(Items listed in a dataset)
——

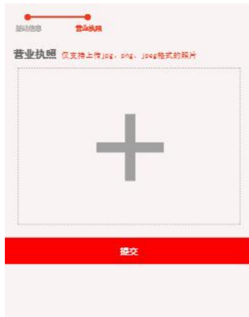
营业执照照片上传

点击并上传营业执照照片，完成照片上传操作后点击【提交】按钮完成注册操作（营业执照照片为必须上传项），如图所示：
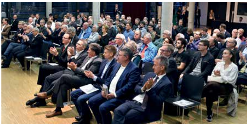
Referenten und Teilnehmer am 2. Energiediskurs

Los ging es um 16:30 Uhr mit der Möglichkeit verschiedene elektrisch angetriebene Fahrzeuge anzusehen und Probe zu fahren. Neben vollelektrisch angetriebenen Fahrzeugen konnten Fahrzeuge mit Plug-in und Voll-Hybrid Technologie sowie ein Fahrzeug mit Wasserstoffantrieb betrachtet werden. Letztere stellte sich im Laufe des Abends als eine Technologie heraus, die viele Diskussionsmöglichkeiten bietet und die Frage offen lässt, ob nun die Wasserstoff-, die Batterietechnik oder eine Mischung aus beidem die Zukunft ist. Schirmherren der Veranstaltung wa-
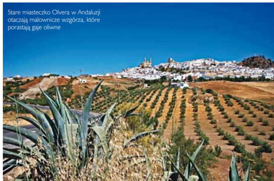
Stare miasteczko Olvera w Andaluzji otaczają malownicze wzgórza, które porastają gaje oliwne

——

▶ What is being asked
An exact copy of every entry above is needed, minus the pictures.

▶ Task response
营业执照照片上传

点击并上传营业执照照片，完成照片上传操作后点击【提交】按钮完成注册操作（营业执照照片为必须上传项），如图所示：
Referenten und Teilnehmer am 2. Energiediskurs

Los ging es um 16:30 Uhr mit der Möglichkeit verschiedene elektrisch angetriebene Fahrzeuge anzusehen und Probe zu fahren. Neben vollelektrisch angetriebenen Fahrzeugen konnten Fahrzeuge mit Plug-in und Voll-Hybrid Technologie sowie ein Fahrzeug mit Wasserstoffantrieb betrachtet werden. Letztere stellte sich im Laufe des Abends als eine Technologie heraus, die viele Diskussionsmöglichkeiten bietet und die Frage offen lässt, ob nun die Wasserstoff-, die Batterietechnik oder eine Mischung aus beidem die Zukunft ist. Schirmherren der Veranstaltung wa-
Stare miasteczko Olvera w Andaluzji otaczają malownicze wzgórza, które porastają gaje oliwne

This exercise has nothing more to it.